In response to plaintiffs' argument, defendants restate their intent that the motion be considered as a motion to dismiss. Defendants did not submit any additional outside evidence to contradict plaintiffs' affidavits and maintain merely that plaintiffs fail to state a cause of action with respect to certain claims. The court also notes that three of plaintiffs' affidavits were filed on the same day as their first amended complaint. Any allegations in those affidavits that state a claim for relief could and should have been stated in the amended pleading.

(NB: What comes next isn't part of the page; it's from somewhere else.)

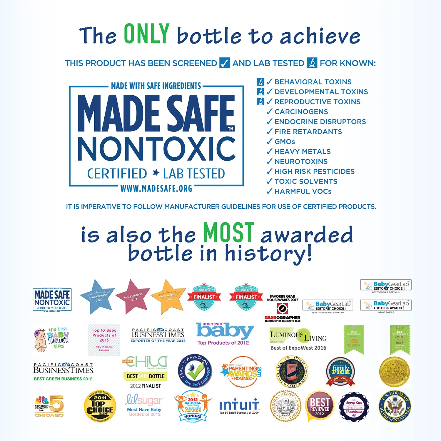 Bezpieczna: jedyna na rynku butelka niekapek w 100% wolna od plastiku, wykonana wyłącznie ze stali nierdzewnej; jedyna butelka z certyfikatem Made Safe®.

This court declines to convert the motion to one for summary judgment and will decide the motion on the basis of the complaint alone.

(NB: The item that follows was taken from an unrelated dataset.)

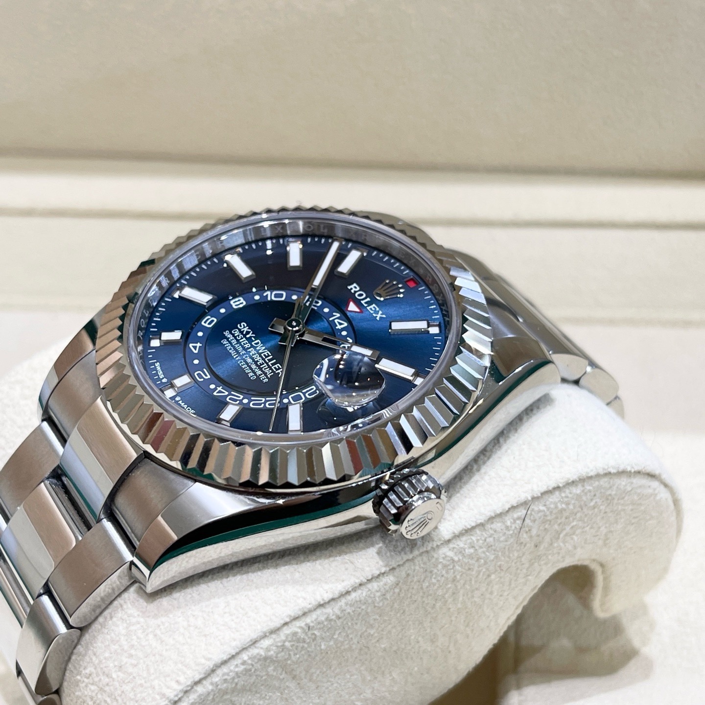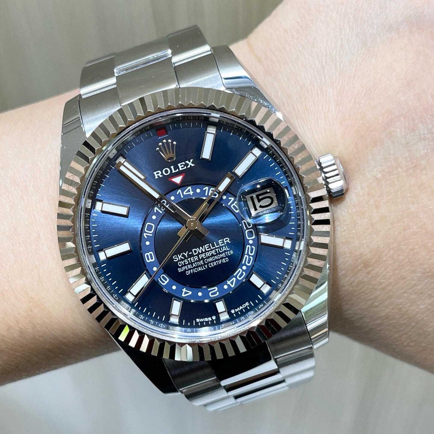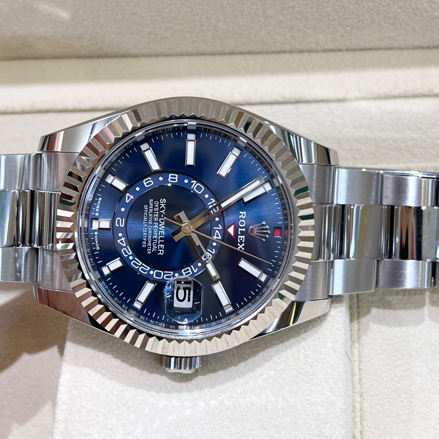 劳力士纵航者型 m336934-0004蓝色盘面,自动机械,白色黄金钢(蚝式钢与白色黄金),功能;月份显示 大日历 农历显示 双时区,

B. Substance of the Proposed Amendments.
Defendants contend that plaintiffs' proposed amendments should be denied as they would not withstand a motion to dismiss.
It is well-established that leave to replead may be denied if the proposed amendments would be futile. Foman, supra, 371 U.S. at 182; Leonelli v. Pennwalt Corp., 887 F.2d 1195, 1198-99 (2d Cir. 1989); Albany Ins. Co. v. Esses, 831 F.2d 41, 45 (2d Cir. 1987), overruled on other grounds by United States v. Indelicato, 865 F.2d 1370 (2d Cir. 1989). When considering the futility of such amendments, the court must apply an analysis comparable to that governing a motion to dismiss under Rule 12(b)(6). See S.S. Silberblatt, Inc. v. East Harlem Pilot Block - Building 1 Housing Dev. Fund Co., Inc., 608 F.2d 28, 42 (2d Cir. 1979); Deem v. Lockheed Corp., 749 F. Supp. 1230, 1235 (S.D.N.Y. 1989).
Accordingly, the court must accept the allegations in plaintiffs' proposed amended complaint as true, and construe them in the light most favorable to plaintiffs. Walker v. City of New York, 974 F.2d 293, 298 (2d Cir. 1992) (citing Frazier v. Coughlin, 850 F.2d 129, 129 (2d Cir. 1988)), cert. denied, 507 U.S. 961, 122 L. Ed. 2d 762, 113 S. Ct. 1387 (1993). Leave to amend the complaint can be denied only if it appears beyond doubt that plaintiffs can prove no set of facts supporting their claims that would entitle them to relief. Scheuer v. Rhodes, 416 U.S. 232, 236, 40 L. Ed. 2d 90, 94 S. Ct. 1683 (1974) (quoting Conley v. Gibson, 355 U.S. 41, 45-46, 2 L. Ed. 2d 80, 78 S. Ct. 99 (1957)); Walker, supra, 974 F.2d at 298. "The issue is not whether a plaintiff will ultimately prevail but whether the claimant is entitled to offer evidence to support the claims." Scheuer, supra, 416 U.S. at 236.
Excluding all language that refers to plaintiffs' proposed exhibits, plaintiff seeks to amend paragraphs 3, 4, 18, 21, 23, 34, 35, 36, 39, 42, 44, and 68 of their complaint. The amendments refer to plaintiffs' retaliatory discharge, Family and Medical Leave Act, and defamation claims.
II. Motion to Dismiss.
While the court must presume all factual allegations of the complaint to be true, legal conclusions, deductions or opinions couched as factual allegations are not given a presumption of truthfulness. United States v. Bonanno Organized Crime Family, 879 F.2d 20, 27 (2d Cir. 1989).
In order to survive a motion to dismiss, a complaint asserting a civil rights violation must set forth specific factual allegations establishing a prima facie case. Fonte, supra, 848 F.2d at 25. Naked assertions and conclusory allegations in the complaint are not sufficient to state a claim. Yusuf v. Vassar College, 35 F.3d 709 (2d Cir. 1994).
A. Plaintiff JM's Title VII claim.
1. Motion to Dismiss.
Section 704(a) of the Civil Rights Act of 1964, provides in pertinent part:
It shall be unlawful employment practice for an employer to discriminate against any of his employees or applicants for employment . . . because he has opposed any practice made an unlawful employment practice by this subchapter, or because he has made a charge, testified, assisted, or participated in any manner in an investigation, proceeding, or hearing under this subchapter.